Shakespeare in Love
•Scene 1
•Scene 2
Stoppard’s best known recent work is his screenplay for the Oscar-winning comedy Shakespeare in Love, which illustrates many of his central themes, symbols, and stylistic devices (particularly the stage metaphor).  Consider comparing this film with The Real Inspector Hound for an extra credit or final exam essay.
Shakespeare in Love is a biographical fantasy about the writing of Romeo and Juliet.  Young Will Shakespeare (Joseph Fiennes) is a freelance playwright struggling with writer’s block until he meets his muse, Viola, a beautiful upper-class English woman (Gwyneth Paltrow) with a taste for the stage.  Viola not only recognizes the power of Shakespeare’s poetry, but also wishes to perform it.  The only problem is that women were not allowed to act in Renaissance theater—all female roles were played by boys.  To realize her dream of acting on the stage, Viola disguises herself as a boy and auditions for “Romeo and Ethel, the Pirate’s Daughter,” the play Shakespeare is then struggling to write.  The aspiring actress and playwright meet and fall in love in a romantic comedy that inverts gender roles and turns reality on its head.

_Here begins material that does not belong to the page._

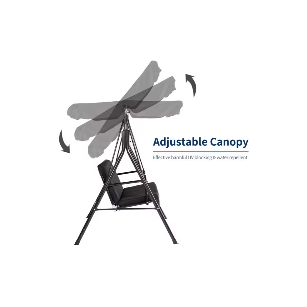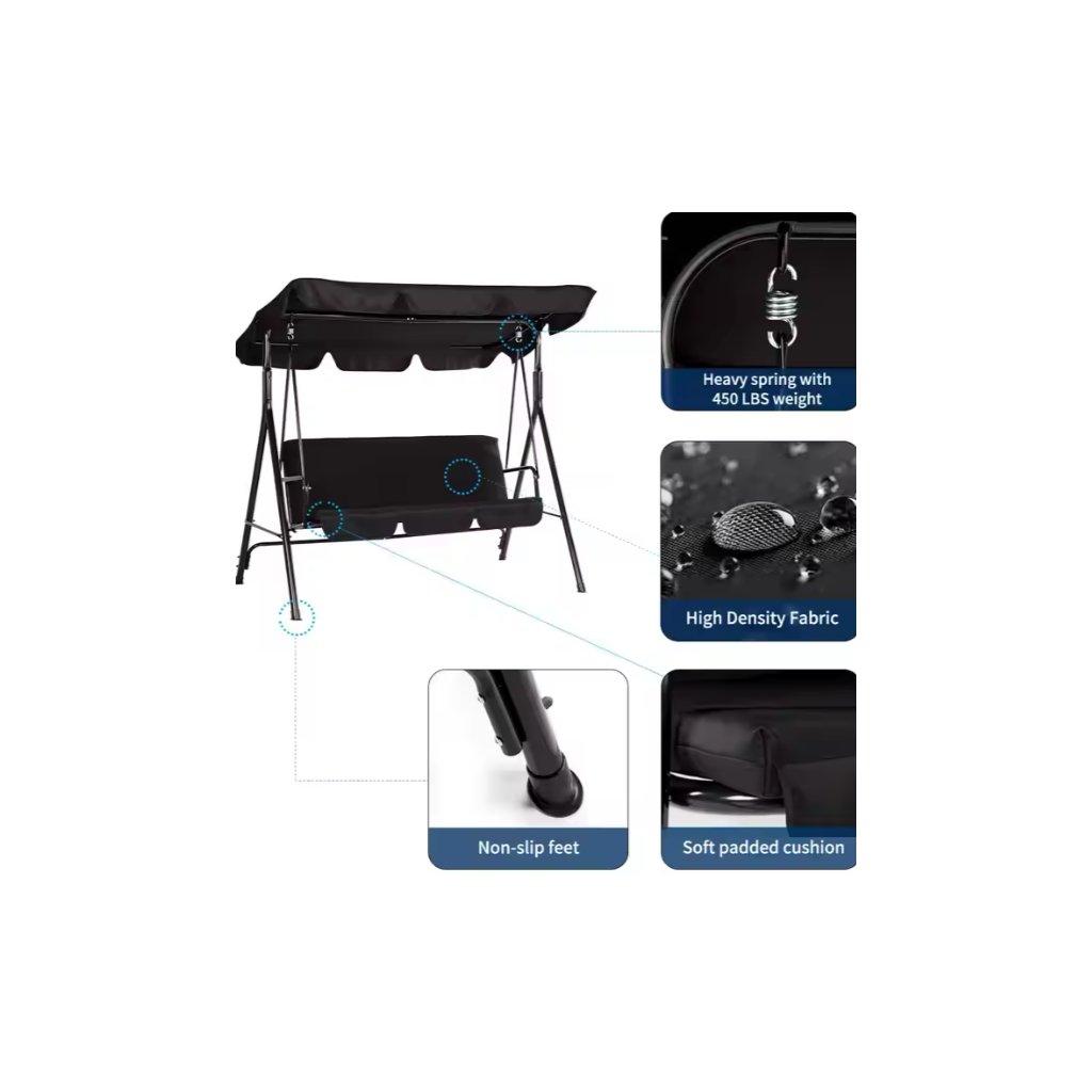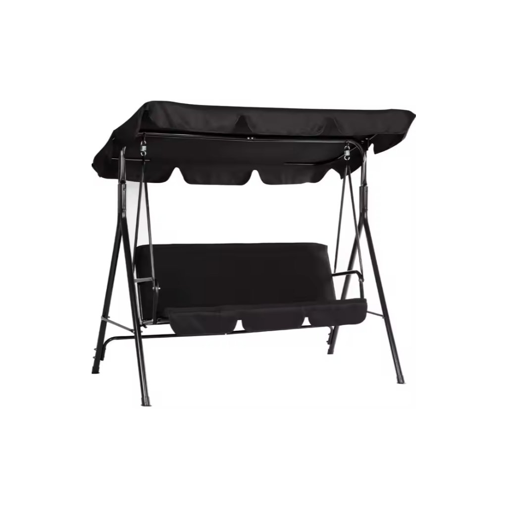 Zahradní houpačka pro tři osoby s matrací, černá je výjimečná forma relaxace spojující komfort, funkčnost a moderní styl Černá zahradní houpačka je určena pro všechny, kdo oceňují pohodlí a estetiku venkovního prostoru

Like The Real Inspector Hound, Shakespeare in Love critiques and celebrates the theater and its patrons and uses the stage metaphor to show us the transformative, protean nature of reality, even within the confines of the Elizabethan world’s rigid social constructs.
The scenes listed on the slide above illustrate the film’s postmodern qualities, particularly Stoppard’s use of the theater to represent the blurred boundaries between art and life.  The film opens with a sequence that introduces the thematic use of the stage to explore the intersection of reality and artifice.  A long shot of Elizabethan London pans into the interior of the Rose Theater, where theater owner Philip Henslowe is being tortured by his moneylender for failure to repay a loan, while a script of the play, “The Lamentable Tragedie of the Money Lender Reveng’d” flutters in the breeze on the theater floor.  Henslowe escapes further torture by promising his creditor the proceeds (and an acting part) from his next play, and desperate to make the needed profits from his theater, contacts young Shakespeare to demand the script he has promised for his new play, “Romeo and Ethel, the Pirate’s Daughter.”  But the Bard is suffering writer’s block; and in Scene 1 listed above, he visits an Elizabethan “therapist” to seek a cure.  The scene with its hilarious Freudian references is a fine example of postmodernism’s irreverent and anachronistic treatment of history and personalities associated with “high art.”  The therapist suggests that the Bard’s “impotence” in art results from an impotence in life, a need for “real” love.
Scene 2 takes place just after a court performance of Shakespeare’s play Two Gentlemen of Verona.  Lady Viola (Gwyneth Paltrow), who has not yet met the play’s author, is discussing the performance with her nurse.  Entranced by the poetry and by Shakespeare’s depiction of love, Lady Viola dreams of having love in life and on the stage.  Consider the boundaries Lady Viola discusses between “real” love and stage love, art and life, dreams and reality.  How does the stage magically cross and blur these boundaries?
Lady Viola’s determination to “have poetry in my life” (note the convergence of art and life in that goal!) leads her to audition for a stage role herself in Shakespeare’s upcoming play “Romeo and Ethel, the Pirate’s Daughter” (of which the Bard has still written only a few scenes, while his rival playwright, Christopher Marlowe, has produced another stage hit).